OpenMP parallelism _does_ allow that single `Galacticus.exe` to use multiple CPUs. So, set `--cpus-per-task=N` where `N` is whatever number of CPUs you want Galacticus to use - and include a corresponding:
```
export OMP_NUM_THREADS=N
```
in your submit script so that Galacticus knows how many CPUs it has available to it.
### MPI parallelism
MPI parallelism allows Galacticus to run across multiple nodes. There will be multiple `Galacticus.exe` processes running in this case. Suppose we want to run Galacticus using 4 nodes, and to make use of 16 CPUs on each node (for a total of 64 CPUs). We would set the options:
```
--nodes=4
--ntasks=64
--cpus-per-task=1
```
where we've selected 4 nodes, 64 tasks (i.e. 64 copies of `Galacticus.exe` running in total - these will be distributed over the 4 nodes), and assigned a single CPU to each `Galacticus.exe`. Then also include:
```
export OMP_NUM_THREADS=1
```
in your submit script (this limits OpenMP parallelism to a single thread - i.e. no parallelism), and launch Galacticus using:
```
mpirun --n 64 --bind-to none --map-by node ./Galacticus.exe myJobParameters.xml
```
The `--map-by node` ensures that the 64 `Galacticus.exe` processes get distributed across our 4 nodes.
### Hybrid OpenMP/MPI parallelism
You can use MPI and OpenMP parallelism simultaneously. To do this, first decide how many nodes you want to use, call this `Nnode`. Then decide how many CPUs you want to use on each node, call this `Ncpu`. Next decide how many MPI processes you want to run _on each node_ - this must be an integer factor of `Ncpu` - call this `Nmpi`. Then, to use all available CPUs we need each `Galacticus.exe` to use `Nopenmp=Ncpu/Nmpi` CPUs.
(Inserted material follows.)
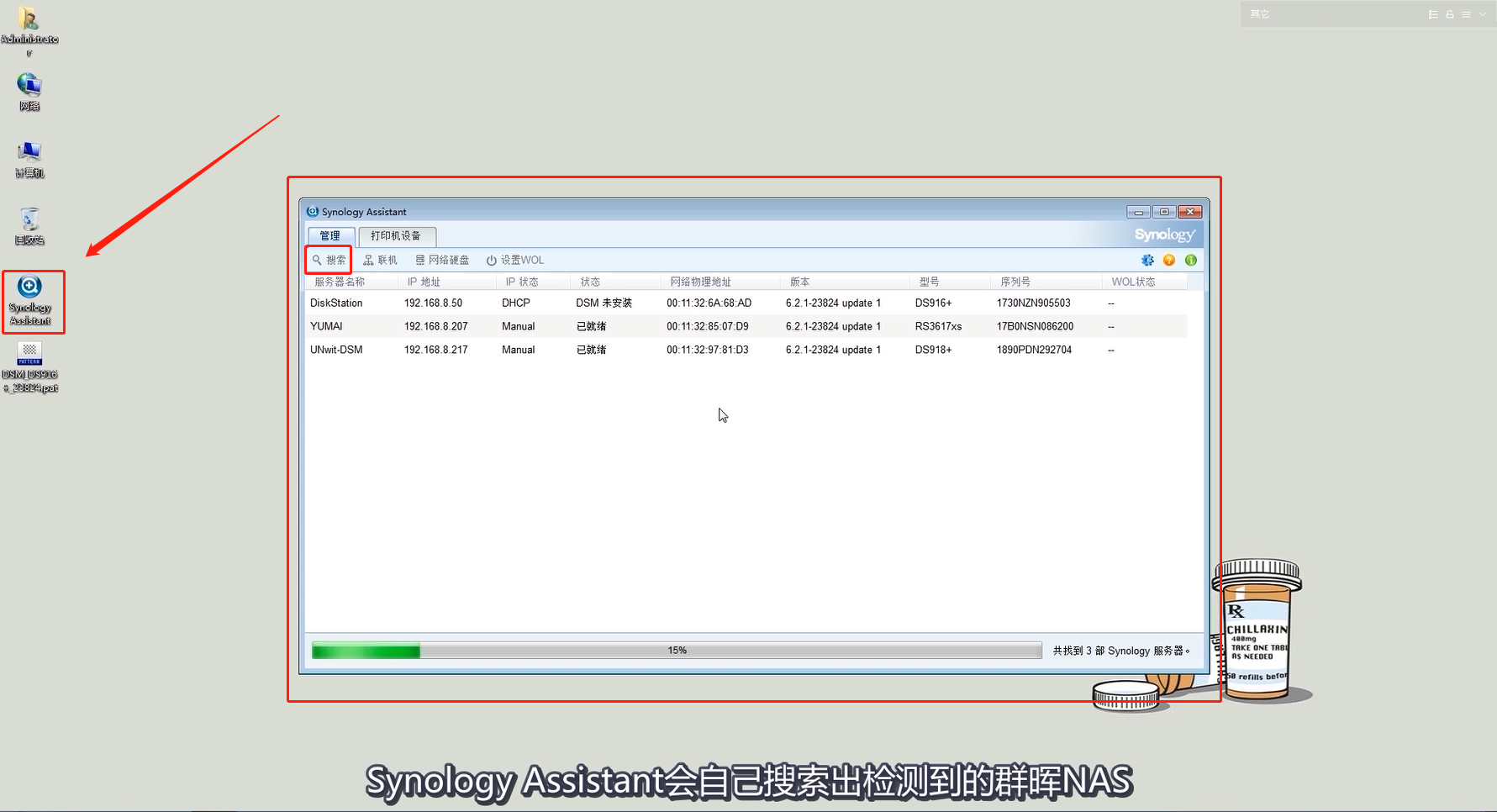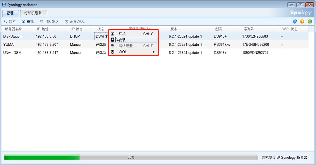 先按照平時安裝新軟件,安裝好群暉 Synology Assistant 之后,打開 Synology Assistant 軟件掃描同網(wǎng)絡(luò)內(nèi)的群暉 NAS網(wǎng)絡(luò)存儲設(shè)備。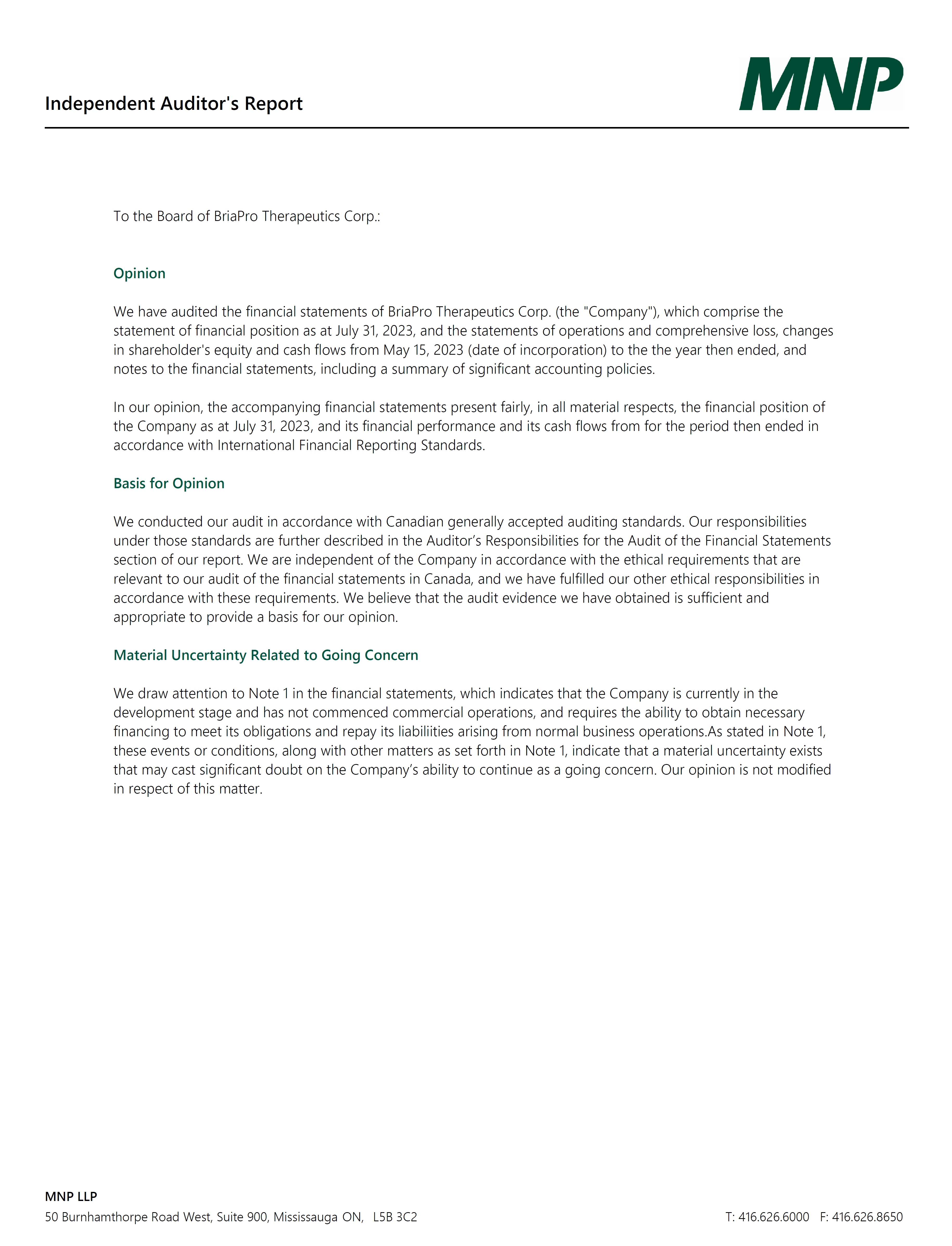 a. BriaPro Therapeutics Corp. (“BriaPro” or the “Company”) was incorporated under the Business Corporations Act (British Columbia) on May 15, 2023. As of July 31, 2023 the Company was inactive, however, following the completion of the Arrangement (as defined below), BriaPro is now a pre-clinical immuno-oncology biotechnology company with multiple assets, specifically Bria-TILsRx™, and PKCδ inhibitors for multiple indications including cancer. The Company’s head office is located at 235 15th Street, Suite 300, West Vancouver B.C, V7T 2X1, Canada. The Company is an unlisted reporting issuer in Canada.

Having determined all of these, use the `SBATCH` options:
```
--nodes=Nnode
--ntasks=Nnode*Nmpi
--cpus-per-task=Nopenmp
```
and launch Galacticus using:
```
export OMP_NUM_THREADS=Nopenmp
mpirun --n Nnode*Nmpi --bind-to none --map-by node ./Galacticus.exe myJobParameters.xml
```
This is where the `--bind-to none` is important. Without it, MPI restricts all OpenMP parallel threads to run on the same CPU - which defeats the purpose of using OpenMP. With this option, OpenMP threads have access to all avalable CPUs.